Biological and chemical safety: essential criteria
Afepadi reminded attendees that food supplements are ready-to-eat foods and must therefore meet food safety criteria such as mandatory control of Listeria monocytogenes.
In chemical safety, the limits established by Regulation (EU) 2023/915 and proposals regarding MOAH planned for application in 2030 were reviewed, as well as the status of maximum pesticide residue limits under Regulation (EC) No 396/2005.
Internationalization: customs control, PONA, and the new SAEXCERT platform
The creation of FIAB’s Customs Control Working Group was presented, particularly relevant for exporting companies. Information was also provided on the transition to SAEXCERT, the new system for issuing health certificates for products of non-animal origin, with full adoption expected before December 31, 2025. For Corexnat, this change directly impacts its international operations.
Sustainability: packaging, EUDR, and environmental claims
The meeting addressed Directive 2019/904, Royal Decree 1055/2022, the upcoming application of Regulation (EU) 2025/40 on packaging, and the impact of Regulation (EU) 2023/1115 on deforestation (EUDR).
The latter is particularly important for companies working with agricultural raw materials such as plant extracts. Corexnat reaffirms its commitment to a sustainable and traceable supply chain.
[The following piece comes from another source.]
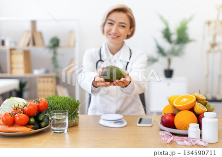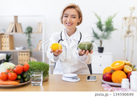 A smiling nutritionist in a white coat holds a lemon and avocado, surrounded by fresh produce, promoting healthy eating.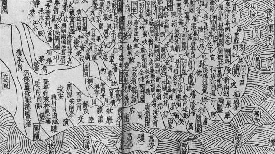 图3.3 《古今华夷区域总要图》(局部)绘出并标注了“扶南”。此图除诸岛的面积不准确以外,大陆与岛屿也分不清,如扶南就被绘成岛国、地理位置也相差很远。

Food supplements: working groups, sensitive substances, and nutrivigilance
Updates were reviewed on vitamins and minerals, progress (and setbacks) in the European Commission’s work to establish maximum levels, and the status of critical substances:
– Monacolins from fermented red rice, with a proposal for a total ban.
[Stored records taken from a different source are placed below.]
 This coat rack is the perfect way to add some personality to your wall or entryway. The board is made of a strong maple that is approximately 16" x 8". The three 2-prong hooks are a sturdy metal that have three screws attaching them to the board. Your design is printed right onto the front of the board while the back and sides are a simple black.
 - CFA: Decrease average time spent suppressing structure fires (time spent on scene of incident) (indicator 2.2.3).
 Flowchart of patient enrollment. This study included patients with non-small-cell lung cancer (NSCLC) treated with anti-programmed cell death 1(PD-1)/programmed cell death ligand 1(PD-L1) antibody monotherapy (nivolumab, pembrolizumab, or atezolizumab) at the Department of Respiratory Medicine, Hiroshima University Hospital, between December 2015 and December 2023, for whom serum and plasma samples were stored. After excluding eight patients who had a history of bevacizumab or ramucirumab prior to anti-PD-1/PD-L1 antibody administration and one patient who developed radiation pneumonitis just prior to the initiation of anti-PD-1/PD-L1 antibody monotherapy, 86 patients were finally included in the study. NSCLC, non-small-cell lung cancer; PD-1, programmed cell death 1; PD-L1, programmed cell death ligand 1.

– EGCG, with an initial intention to ban except in traditional aqueous extracts.
– Alpha-lipoic acid, for which inclusion in Part B with restrictions and warnings is being considered.
– Berberine, estragole in fennel, and hydroxycitric acid in Garcinia, all currently under EFSA evaluation.
Finally, Afepadi presented the 2025–2026 Nutrivigilance Project, a voluntary system to standardize the collection of unexpected effects and strengthen consumer safety and confidence—an initiative fully aligned with Corexnat’s quality culture.
Conclusion: full alignment with what Corexnat is today
The Afepadi Technical Committee reflects a clear reality: Corexnat is fully aligned with the technical, regulatory, and scientific evolution of the sector.
Traceability, regulatory compliance, quality, sustainability, and legal rigor are the pillars that define the company. For Corexnat, this meeting is not just an event; it is confirmation of a path consistent with its current identity and future vision.